Frankreich hat tatsächlich ein Problem mit steigender Kriminalität. Die Statistiken, die übrigens noch die rot-rosa-grüne Regierung vorlegte, sprechen eine deutliche Sprache. Sie zeigen unter anderem, dass die Straffälligkeit bei Minderjährigen zunimmt – vom Handy-Raub über Sexualverbrechen bis hin zu anderen Gewalttaten.

Die Unterschiede in der Einschätzung beginnen, wenn es an die Ursachen und den Umgang mit diesem Phänomen geht. Die französische Linke – und mit ihr ein Großteil der Experten, die straffällig gewordene Jugendliche beruflich betreuen – ist der Ansicht, dass Gefängnisse und andere geschlossene Anstalten nicht dazu beitragen, straffällig gewordene Jugendliche zu resozialisieren, sondern dass sie im Gegenteil Schulen des Verbrechens sind. Statt mehr geschlossener Anstalten verlangt die Linke mehr und besser ausgebildetes und besser bezahltes Personal – von Erziehern über Sozialarbeiter bis hin zu Jugendrichtern. Die französische Rechte hingegen vertritt die Ansicht, dass die Drohung mit Gefängnissen eine abschreckende – also erzieherische – Wirkung haben wird.

Hinter diesen Positionen, die sich Linke und Rechte in diesen Tagen im französischen Parlament um die Ohren schlagen, stecken zwei unterschiedliche Gesellschaftsmodelle. Ein soziales Modell, in dem der Staat gleiche Rechte für alle Bürger garantiert, auch wenn das im Zweifelsfall teuer ist – und ein liberales, in dem der Staat immer mehr wirtschaftliche und soziale Aufgaben allein der „privaten Initiative“ überlässt und sich auf die verbleibenden Regelungen konzentriert – darunter die Repression.

Dieses letzte Modell hat in Frankreich – aber auch in immer mehr anderen europäischen Ländern – für die kommenden Jahre die Mehrheit. Es weist in eine Richtung, die wir aus den USA kennen. Dort sind öffentliche Dienste ein Fremdwort, während immer mehr im Gefängnis sitzen. Dass die Kriminalitätsrate dadurch – wie übrigens auch durch die Todesstrafe – keineswegs gesunken ist, versteht sich von selbst.

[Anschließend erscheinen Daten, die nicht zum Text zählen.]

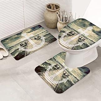 €15,00Produkt kaufenBadematte Badvorleger Set 3-tlg. Teppich, Nautisch, Ankerdruck in Meereswellen mit langem Holzsteg, bewölktem Himmel, 3D…
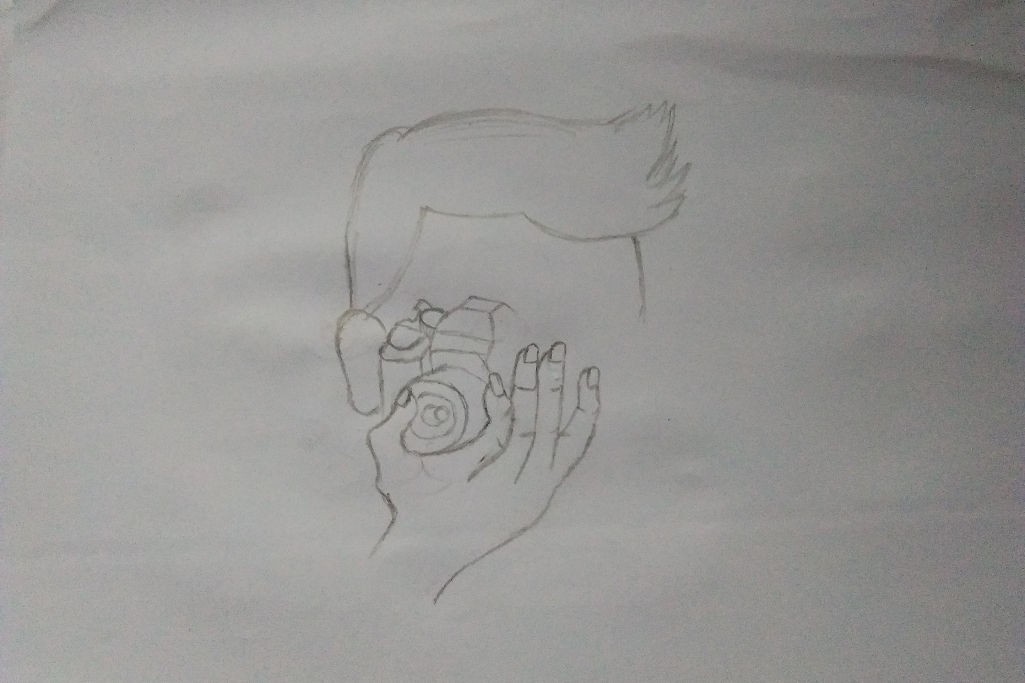 Then I drew a camera and positioned it right above the right hand that I had just drawn.
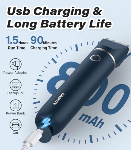 【Safe, Effective & Precision Trimming】- Casfuy dog clippers come with double blades which are made of stainless steel and ceramic to keep sharp and ensure safety during use. A standard head (1”) and a compact head(0.4”) are ideal to remove hair from ears, face, paws and rump of dogs, cats and other animals.
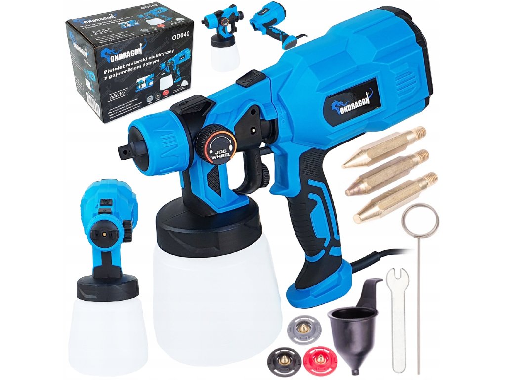 A Festékszóró pisztoly teljesítménye 550 W, amely ideális eszköz otthoni festéshez és felújításhoz. Gyors és egyenletes szín, lakk, alapozó és tömítő anyagok alkalmazását teszi lehetővé különböző felületeken. A három cserélhető fúvókának és a fújási szélesség és intenzitás beállításának köszönhetően könnyedén alkalmazkodik az Ön egyedi igényeihez.
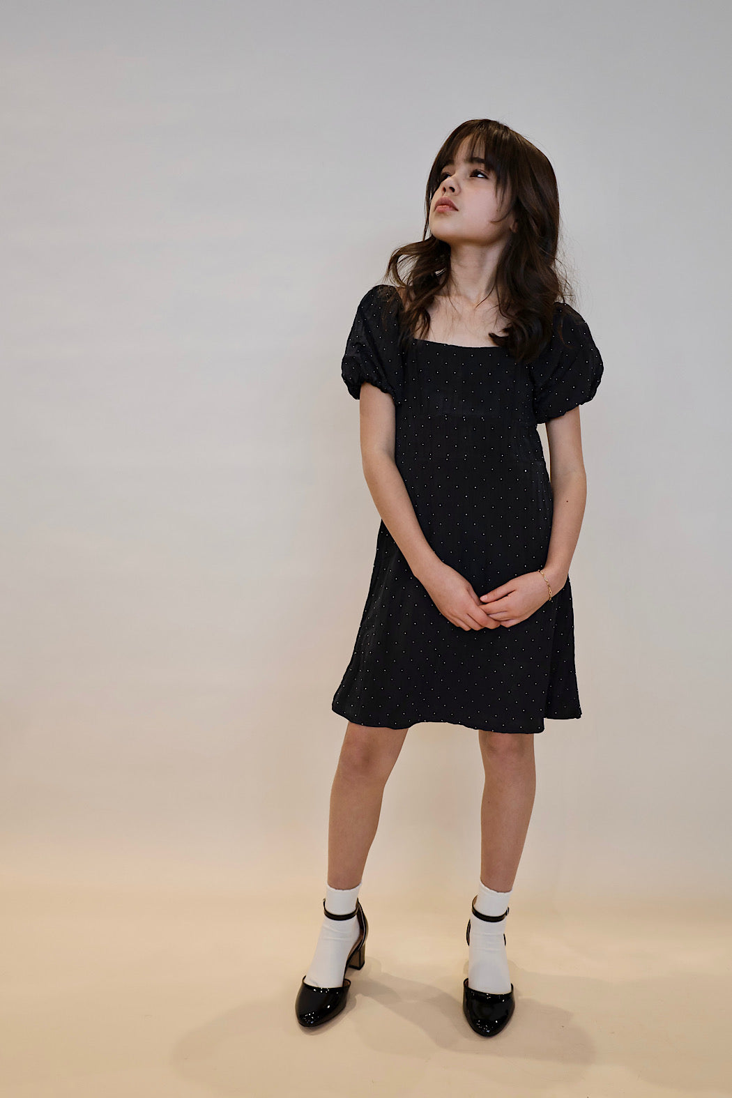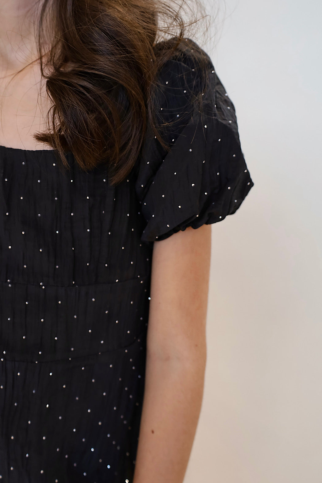 Shine bright at every celebration in this eye-catching Youth Rhinestone Taffeta Dress! Featuring dazzling rhinestone cutout accents and luxurious taffeta fabric, this black dress delivers instant glamour and personality. Perfect for parties, events, or whenever your tween wants to make a memorable impression. A showstopping choice that combines sparkle with sophisticated style.
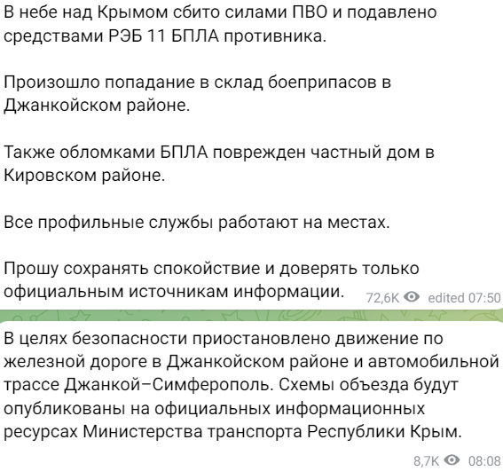 "В целях безопасности приостановлено движение по железной дороге в Джанкойском районе и автомобильной трассе Джанкой — Симферополь. Схемы объезда будут опубликованы на официальных информационных ресурсах Министерства транспорта Республики Крым", — добавил предатель.
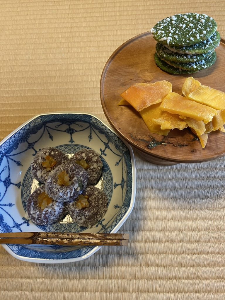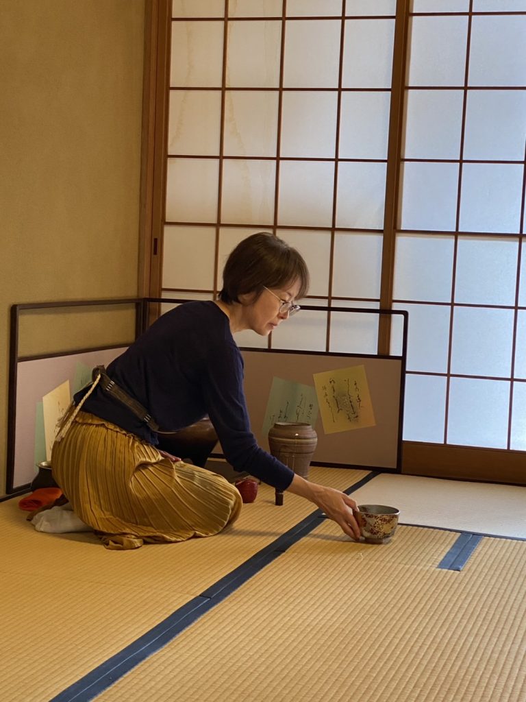 社中のお楽しみ、主菓子は抹茶餡を紅芋の生地でつつんだもの。見た目の美しさ、口の中で堪能する楽しさ、干菓子とのハーモニー、考え抜かれた組み合わせに感服するばかりです。
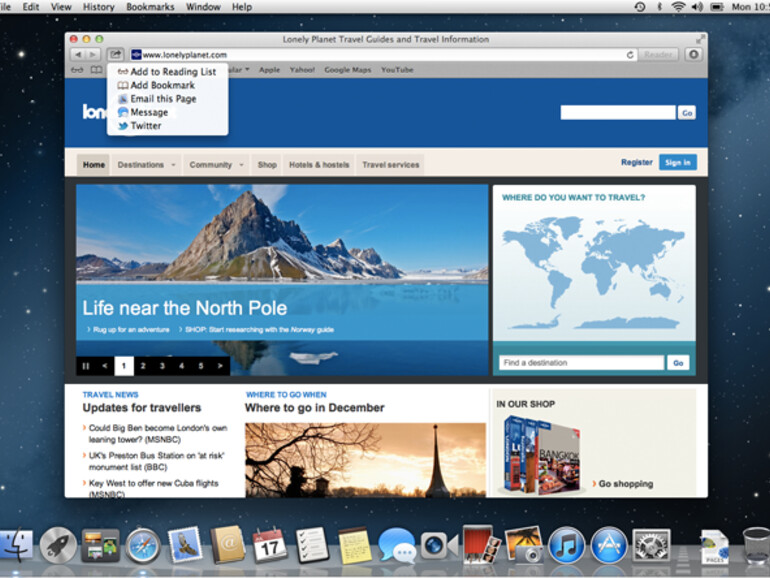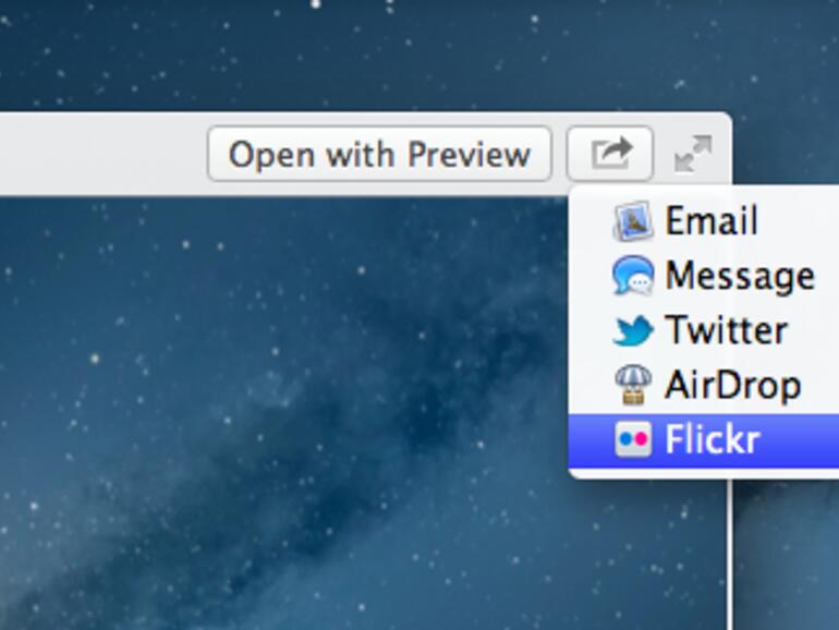 Besonders praktisch ist Share Sheet in der Vorschau-Funktion über die Leertaste: Neben der Schaltfläche zum Öffnen einer Text-, Bild-, Audio- oder Videodatei sowie anderen von Vorschau unterstützten Formaten, findet sich unter OS X 10.8 nun auch die Share-Sheet-Schaltfläche: Fotos und Videos können so mit wenigen Klicks geteilt und Dateien per AirDrop an andere Mac-Anwender geschickt werden. Unter Safari bietet Share Sheet zudem die Möglichkeit, Artikel in der Leseliste zwischenzuspeichern oder als Lesezeichen dauerhaft abzulegen.
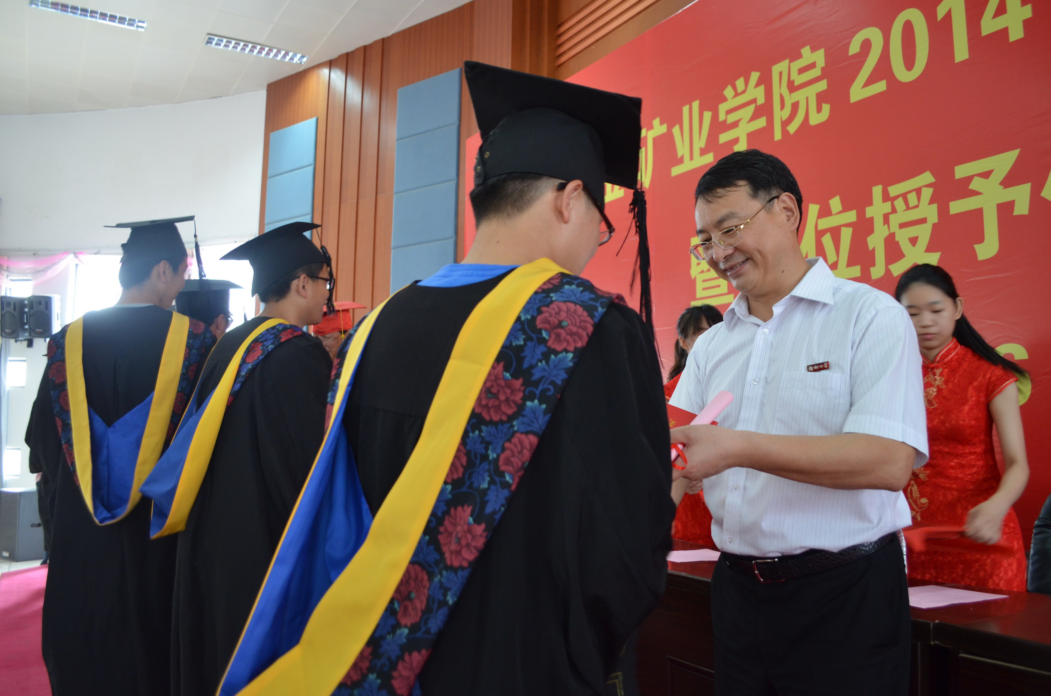 出席典礼的领导嘉宾有:紫金矿业集团股份有限公司董事长、紫金矿业学院理事会理事长陈景河先生;成人影视 校长助理、紫金矿业学院理事会副理事长黄志刚教授;成人影视 教务处处长、紫金矿业学院理事会理事杨晓翔教授;紫金矿业集团人力资源部培训处处长、紫金矿业学院理事会理事谢忠兰女士;紫金矿业集团董事长办公室主任邱国柱先生;学院全体党政领导等。一同见证学院2014届毕业生毕业盛典的还有学院全体教职工、学生家长和学生代表。毕业典礼由学院党委副书记余飞主持。 毕业典礼在庄严的国歌中拉开序幕。余飞副书记首先介绍了莅临毕业典礼的领导和来宾,并向他们的到来致以诚挚的谢意。随后,副院长印万忠教授宣读2014年“陈景河特优毕业生”获奖名单,陈景河董事长等学院第三届全体理事会成员共同为六位获奖学生颁发证书及每人8000元奖金。 学位授予仪式是毕业典礼的“重头戏”。学院教授委员会主任、副院长彭向东教授宣读了本届毕业生名单及获得学位名单。陈景河董事长、黄志刚校长助理为毕业生颁发毕业证书、学位证书,刘羽院长与彭向东副院长则逐一为获得学士学位的毕业生拨穗,与会人员以热烈的掌声对毕业生表示祝贺。 学位授予仪式结束后,福建省三好学生获得者蒋祥伟同学作为毕业生代表上台发表毕业感言,对学校、学院、各位领导老师对他们的悉心栽培致以最衷心的感谢。学院肖爱芳老师则代表全体教师向毕业生表达了最真挚的不舍和祝愿。刘羽院长为毕业生作了一番简短、诚挚的毕业赠言。刘羽院长说,无论学生们以后能否变成高富帅,白富美,他们的身后一直都有学院全体教职工关注的目光,希望大家常回学院看看。 陈景河董事长以校友、学长以及企业董事长等多重身份对毕业生们提出殷切的期望和谆谆叮嘱。陈景河董事长还为大家详细分析了矿业面临的机遇和挑战,希望走上社会的毕业生们能够以高度的责任心为自己奋斗出一片天空。毕业典礼在《勘探队员之歌》中圆满结束。(黄少钦)

Die Justizreform in Frankreich und die Kriminalisierung von Minderjährigen, die daraus folgen wird, ist eine rasant schnelle Umsetzung eines Versprechens, mit dem Jacques Chirac den Wahlkampf in diesem Frühsommer bestimmt hat. Sie ist zugleich eine Amerikanisierung der französischen Politik. Und sie zeigt, wie schwach das soziale Argument in den vergangenen Wochen geworden ist. Bei der Debatte über die Jugendkriminalität, deren Großteil aus den sozialen Gettos der französischen Städte kommt, spielte die soziale Unsicherheit nur noch eine marginale Rolle.